TASK DIRECTIONS =
Take the lines from the one with "Wat is the base" to the end of the listing, both ends included, and quote them exactly, leaving pictures out.

RAW DATA =
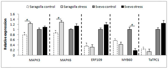 Transcript levels of MAPK3/6, ERF109, MYB60, and TaTPC1 in leaves of Saragolla and Svevo seedlings under control and osmotic stress determined using RT-qPCR. Data are presented as mean ± SD from at least 3 independent experiments; * p < 0.05 (Student’s t-test).
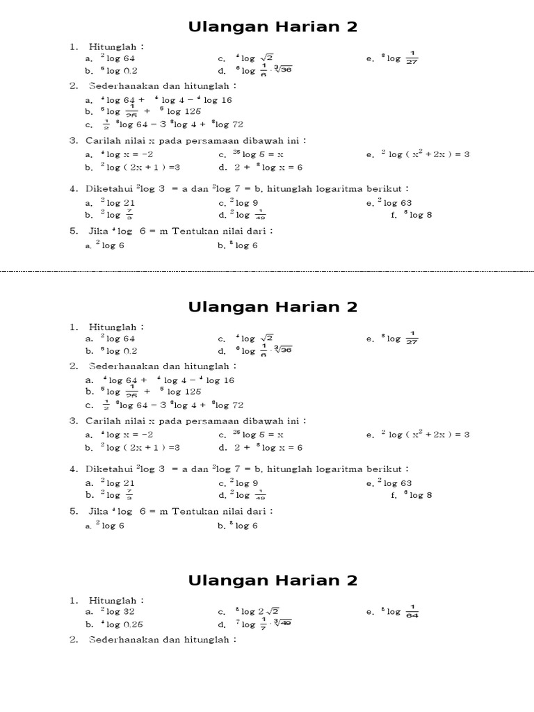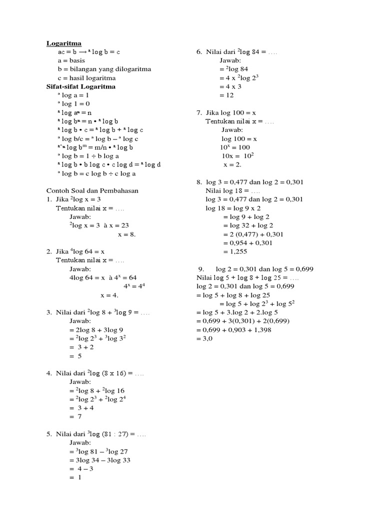 Wat is the base of log. Turunan log x, ln x, a^x dan e^x ? Dita mempunyai dua buah kardus berbentuk kubus. Therefore, it is always extremely important to verify your solutions inside the original equation. A adalah bilangan pokok, a>0 dan a tidak sama dengan 1. Ab ab dan q = 1,333 maka nilai log (pq) dengan 2a bilangan pokok 2 sama dengan. Log_4 64 = 3 since 64 = 4^3. Log10(3 ∙ 7) = log10(3) + log10(7). Normally, in logarithmic equations, a negative solution must be rejected because if a log is negative it is undefined. The logarithm of the division of x and y is the difference of logarithm of x and logarithm of y. Simplify using the rule #alogn = logn^a#. X is the result we get when the base b is raised to the power of a. Without using a mathematics table, find x, given that 6 log (x+4)=log64?
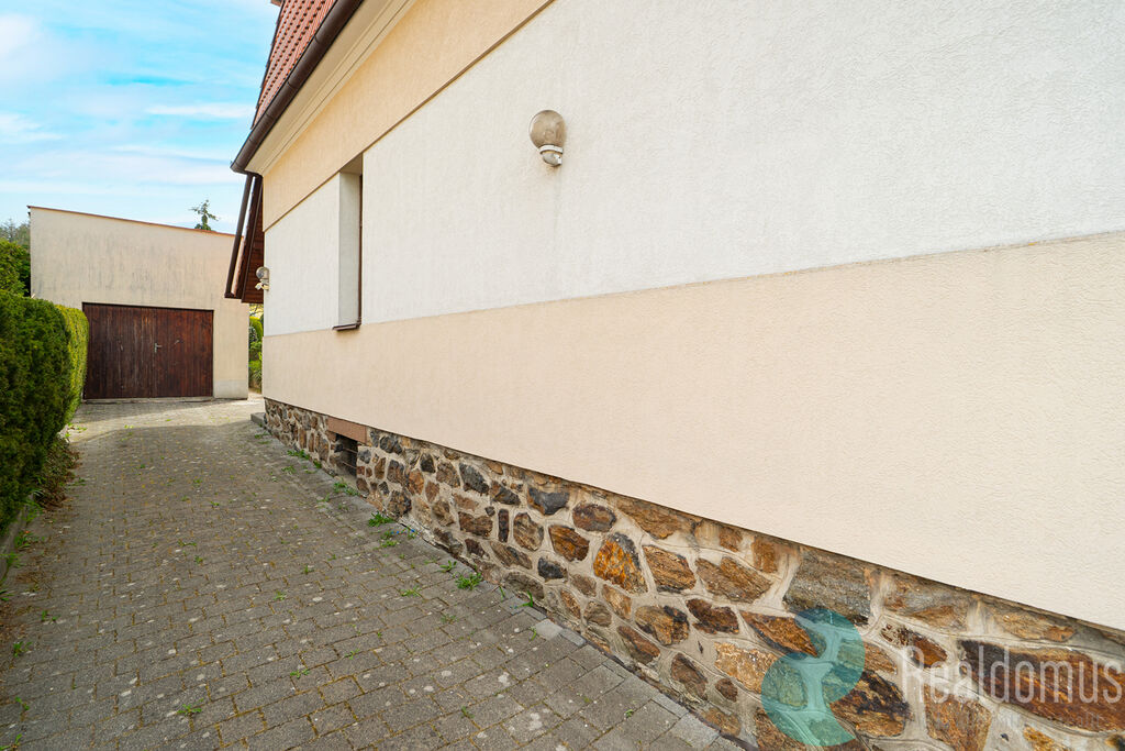 K domu náleží nádherná udržovaná zahrada s praktickým skleníkem, romantickým zákoutím pro opékání buřtů, dílnou pro kutily a garáží pro pohodlné parkování.
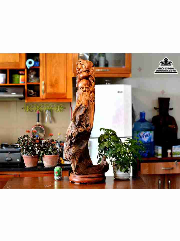 Tượng Ông Thọ Gỗ Lũa Bách Xanh Cao 100 Ngang 41 Dày 31 (cm)

RESULT BELOW =
 Wat is the base of log. Turunan log x, ln x, a^x dan e^x ? Dita mempunyai dua buah kardus berbentuk kubus. Therefore, it is always extremely important to verify your solutions inside the original equation. A adalah bilangan pokok, a>0 dan a tidak sama dengan 1. Ab ab dan q = 1,333 maka nilai log (pq) dengan 2a bilangan pokok 2 sama dengan. Log_4 64 = 3 since 64 = 4^3. Log10(3 ∙ 7) = log10(3) + log10(7). Normally, in logarithmic equations, a negative solution must be rejected because if a log is negative it is undefined. The logarithm of the division of x and y is the difference of logarithm of x and logarithm of y. Simplify using the rule #alogn = logn^a#. X is the result we get when the base b is raised to the power of a. Without using a mathematics table, find x, given that 6 log (x+4)=log64?
 K domu náleží nádherná udržovaná zahrada s praktickým skleníkem, romantickým zákoutím pro opékání buřtů, dílnou pro kutily a garáží pro pohodlné parkování.
 Tượng Ông Thọ Gỗ Lũa Bách Xanh Cao 100 Ngang 41 Dày 31 (cm)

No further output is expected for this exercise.